■ **Assignment**
Retype nothing except the lines below from the one with "Te gustan estos" through the one with "Skoda Fabia 1.0", exactly, with images left out.

■ **Task inputs**

<<<<

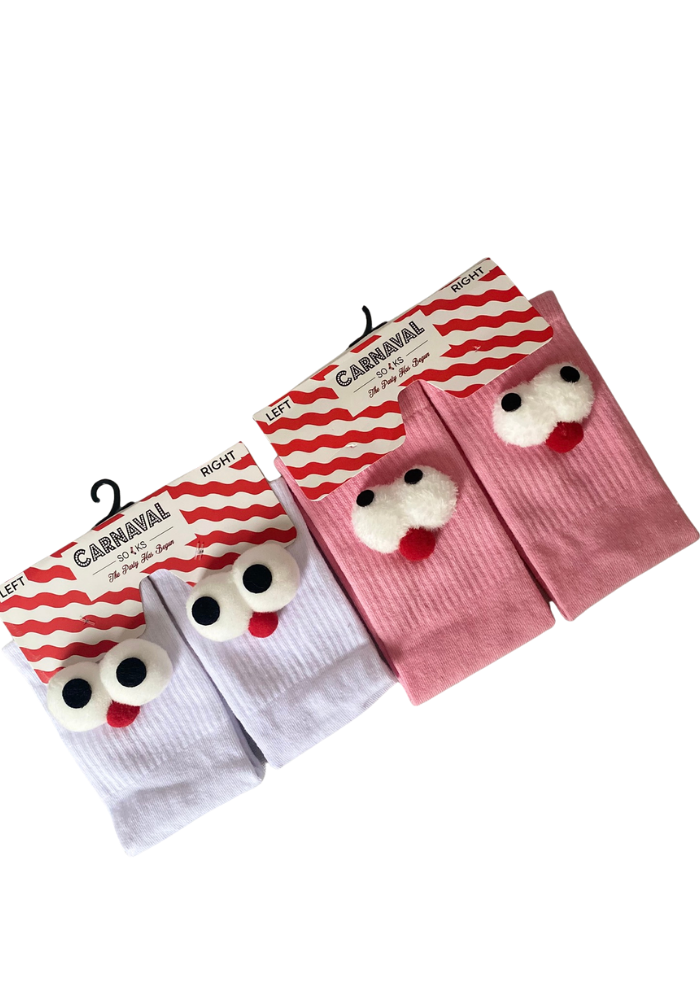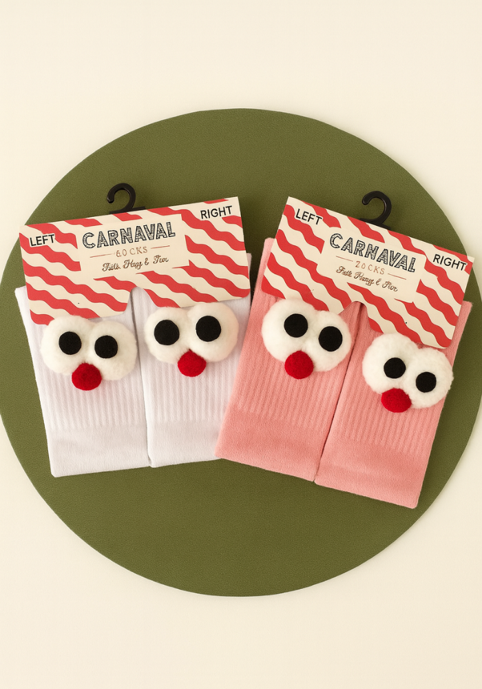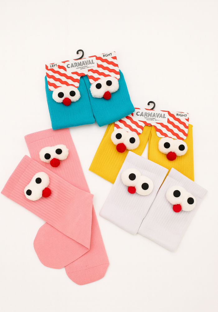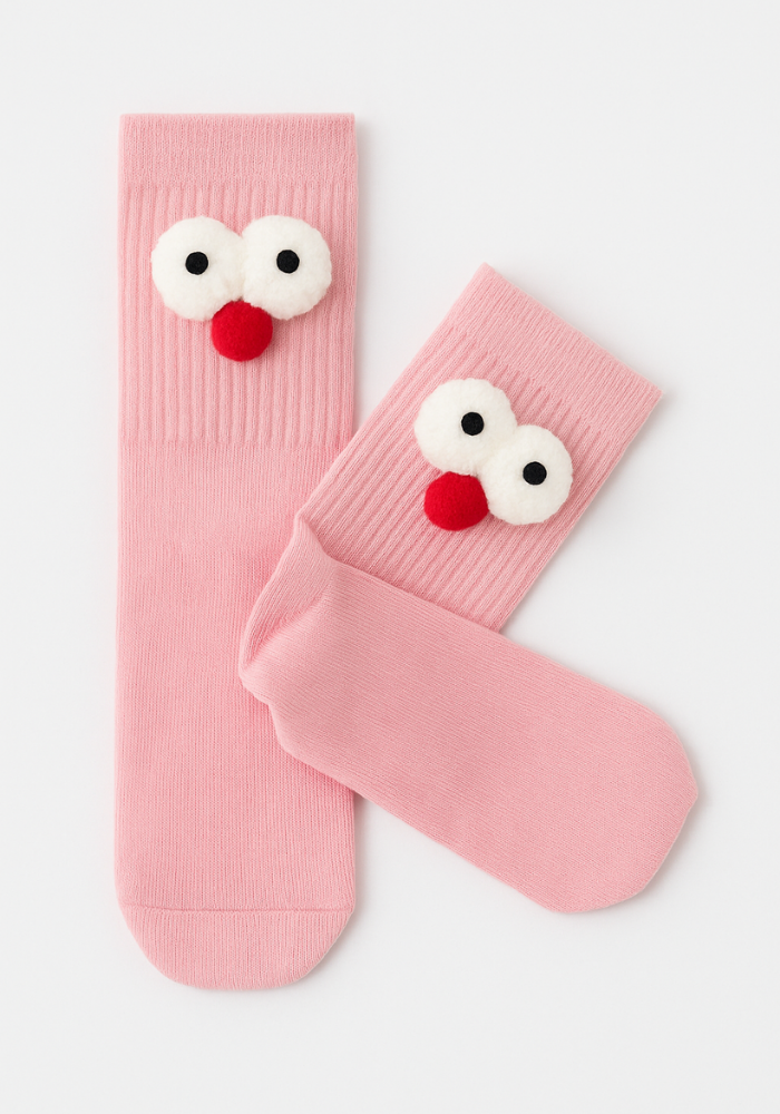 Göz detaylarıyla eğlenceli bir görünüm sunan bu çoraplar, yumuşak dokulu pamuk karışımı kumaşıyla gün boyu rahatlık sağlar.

>>>>
<<<<

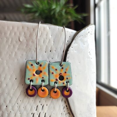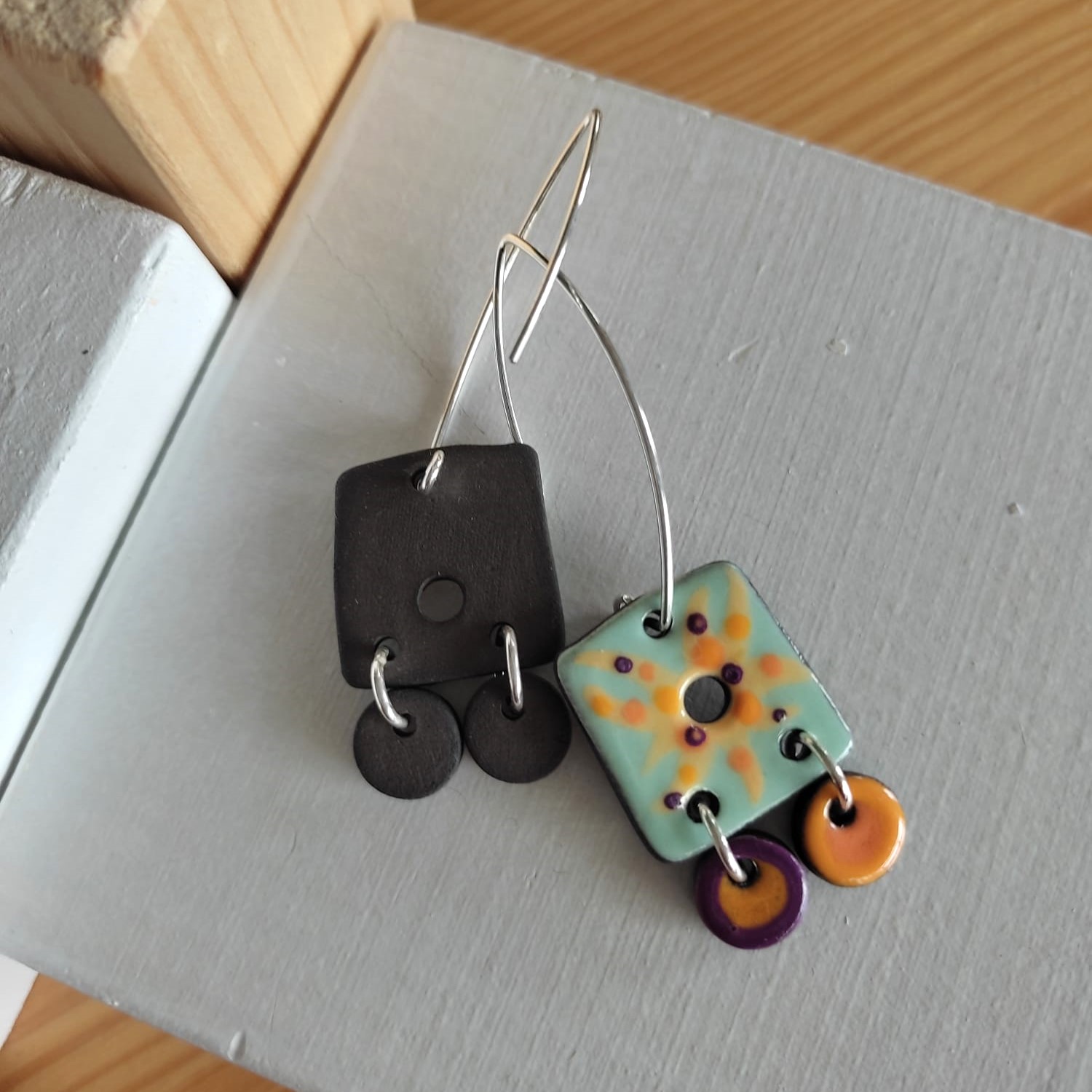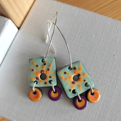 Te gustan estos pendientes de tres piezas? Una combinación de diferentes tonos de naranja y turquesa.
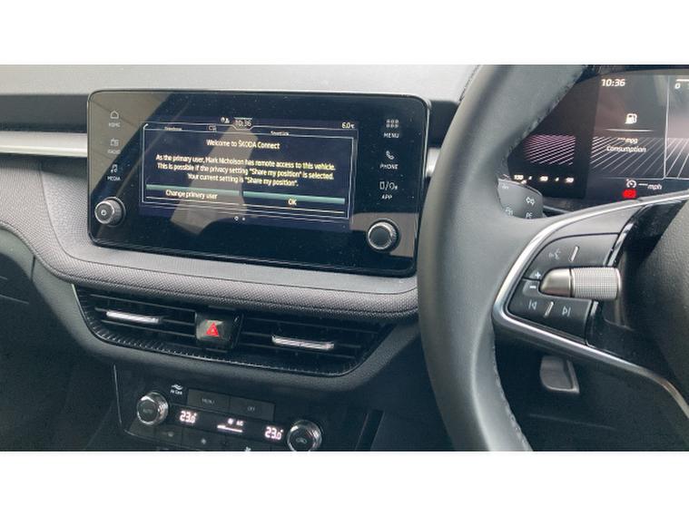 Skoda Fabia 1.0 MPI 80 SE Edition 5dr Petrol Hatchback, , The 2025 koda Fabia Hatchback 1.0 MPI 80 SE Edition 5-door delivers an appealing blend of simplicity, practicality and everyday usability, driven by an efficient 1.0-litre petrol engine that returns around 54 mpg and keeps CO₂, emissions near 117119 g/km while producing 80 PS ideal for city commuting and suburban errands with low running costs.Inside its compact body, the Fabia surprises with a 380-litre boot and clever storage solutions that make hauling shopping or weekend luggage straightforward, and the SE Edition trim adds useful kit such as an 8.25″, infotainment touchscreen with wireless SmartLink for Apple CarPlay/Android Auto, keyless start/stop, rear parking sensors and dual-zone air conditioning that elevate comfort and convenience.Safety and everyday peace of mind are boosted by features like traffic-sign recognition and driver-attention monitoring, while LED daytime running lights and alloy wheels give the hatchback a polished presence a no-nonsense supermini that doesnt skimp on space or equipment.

>>>>

■ **Response**
 Te gustan estos pendientes de tres piezas? Una combinación de diferentes tonos de naranja y turquesa.
 Skoda Fabia 1.0 MPI 80 SE Edition 5dr Petrol Hatchback, , The 2025 koda Fabia Hatchback 1.0 MPI 80 SE Edition 5-door delivers an appealing blend of simplicity, practicality and everyday usability, driven by an efficient 1.0-litre petrol engine that returns around 54 mpg and keeps CO₂, emissions near 117119 g/km while producing 80 PS ideal for city commuting and suburban errands with low running costs.Inside its compact body, the Fabia surprises with a 380-litre boot and clever storage solutions that make hauling shopping or weekend luggage straightforward, and the SE Edition trim adds useful kit such as an 8.25″, infotainment touchscreen with wireless SmartLink for Apple CarPlay/Android Auto, keyless start/stop, rear parking sensors and dual-zone air conditioning that elevate comfort and convenience.Safety and everyday peace of mind are boosted by features like traffic-sign recognition and driver-attention monitoring, while LED daytime running lights and alloy wheels give the hatchback a polished presence a no-nonsense supermini that doesnt skimp on space or equipment.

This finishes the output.